This is the banality of evil continuing to terrorise: the everyday things where evil lurks in train timetables and tickets; disguised, who knows, in your neighbours; in a stupid drawing laden with otherwise unperceived meanings steeped in death in a cartoon in your morning newspaper, God forgive me.
It gets worse than that. Bite the air in Britain and you can taste the racism, the homophobia, the sexism and all the prejudices that constitute the real cancel culture that pervades our society. It’s the thousand tiny cancellations people suffer daily not because of what they think or do, but because of what they are; cancelling their right to go where they choose and feel safe, do what they want and feel at ease, read what they like and not be triggered by a blunder blithely evoking genocide.
It’s even worse than that. I’d like to think that I’m not even remotely antisemitic, but what do I know? As a visual artist operating in a genre dependent on exaggeration and mockery, I also swim in a swamp being constantly fed with poisonous slurry from two millennia of European Christian art portraying Jews as ugly, avaricious monsters.

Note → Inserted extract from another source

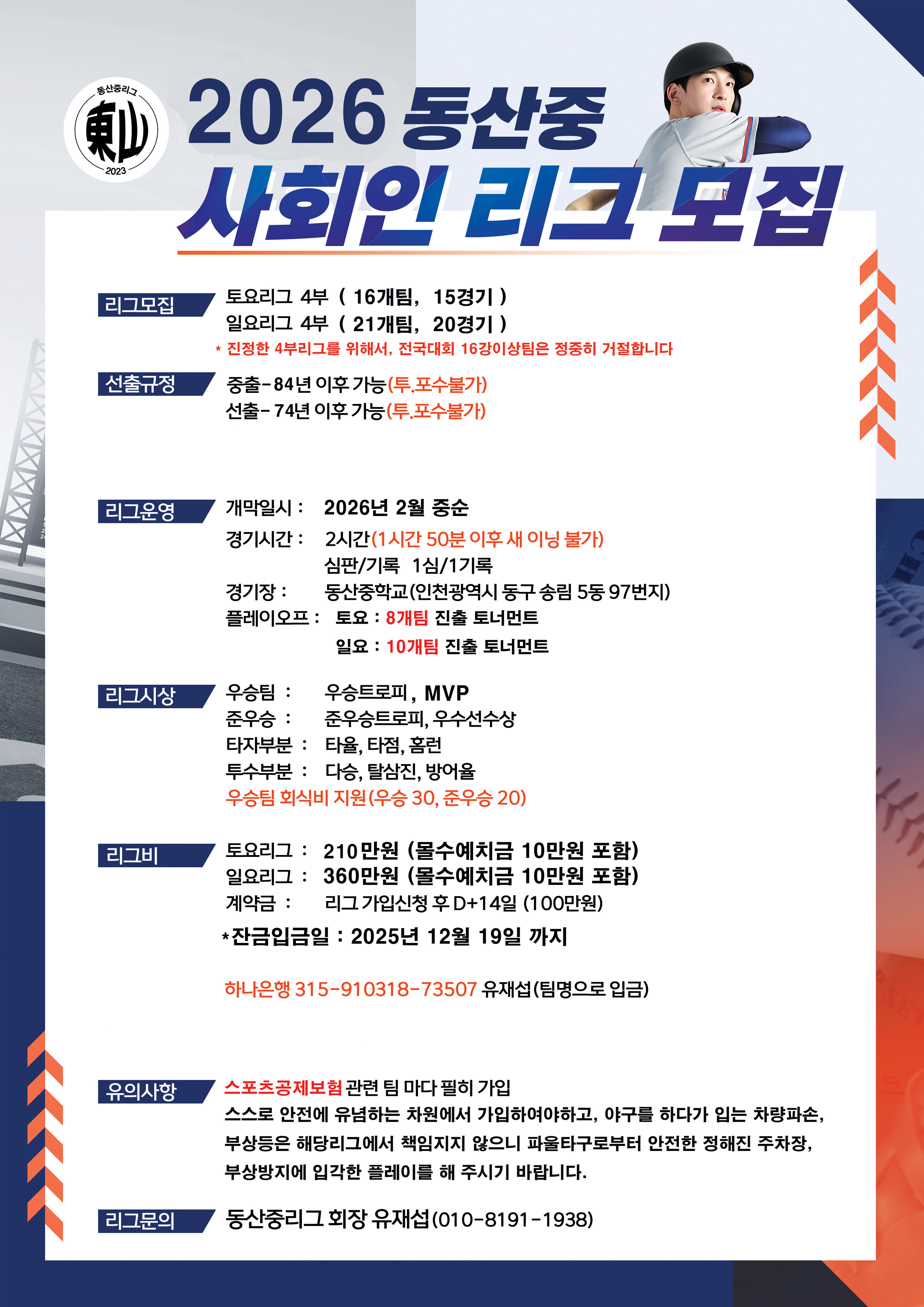 [서울,인천] 26년 동산중리 참가팀모집 ** 20경기 **

Worse, 50 years ago, with the Holocaust rawly fresh in everyone’s minds, at my Anglican school the chaplain dismissed the suffering of the Jews as punishment for Christ’s crucifixion. And 25 years ago, a senior figure at a major UK charity, thinking I was Jewish because he’d mistakenly assumed “Rowson” is an anglicisation of “Rosen”, instantly told me an antisemitic joke on discovering I wasn’t. Far, far worse manifestations of antisemitism continue unabated. This is the air we breathe; the miasma many of us choke on.
These facts should not be ambiguous, though what I do as a cartoonist depends on ambiguity. But while all of it is about power and its control through mockery, within this context, individuals have multiple identities and multiple roles as these matrices constantly shift.
Take Sharp, a friend of Boris Johnson, whom I believed I had drawn in a particular, fairly unkind way, reflecting what he does and thinks. But at the very instant that depiction was seen – as it was, whatever my intention, by many deeply shocked and frightened people – as a cruel depiction of what he is, a Jewish man in his 60s, caricatured grotesquely (though in hideously familiar ways), the power dynamic completely collapsed. The public, satirisable appearance of Sharp dissolved to reveal the real, breathing, victimised human being beneath. Worst of all, victimised and bullied by me, in ways wholly anathema to me both personally and professionally. Carelessly and terrifyingly easily, I had utterly and comprehensively failed. It was and is inexcusable on every level.
What I do in my work is a twisted and dreadful magic, and it needs to be practised with extreme care. Over the past few weeks, clambering through the wreckage resulting from my last cartoon, I have been talking to lots of people, prominent and otherwise, from across the Jewish community both to atone and to help me understand how I could have done this terrible thing.
I thank all of them enormously for their generosity, their time and, let’s be frank, their forgiveness. And they’ve helped me learn, bit by bit and ahead of my return to these pages in September, to remember what I already knew. The business of satire has never been to give indiscriminate offence, and nor is it my job. Its price therefore must always be eternal vigilance.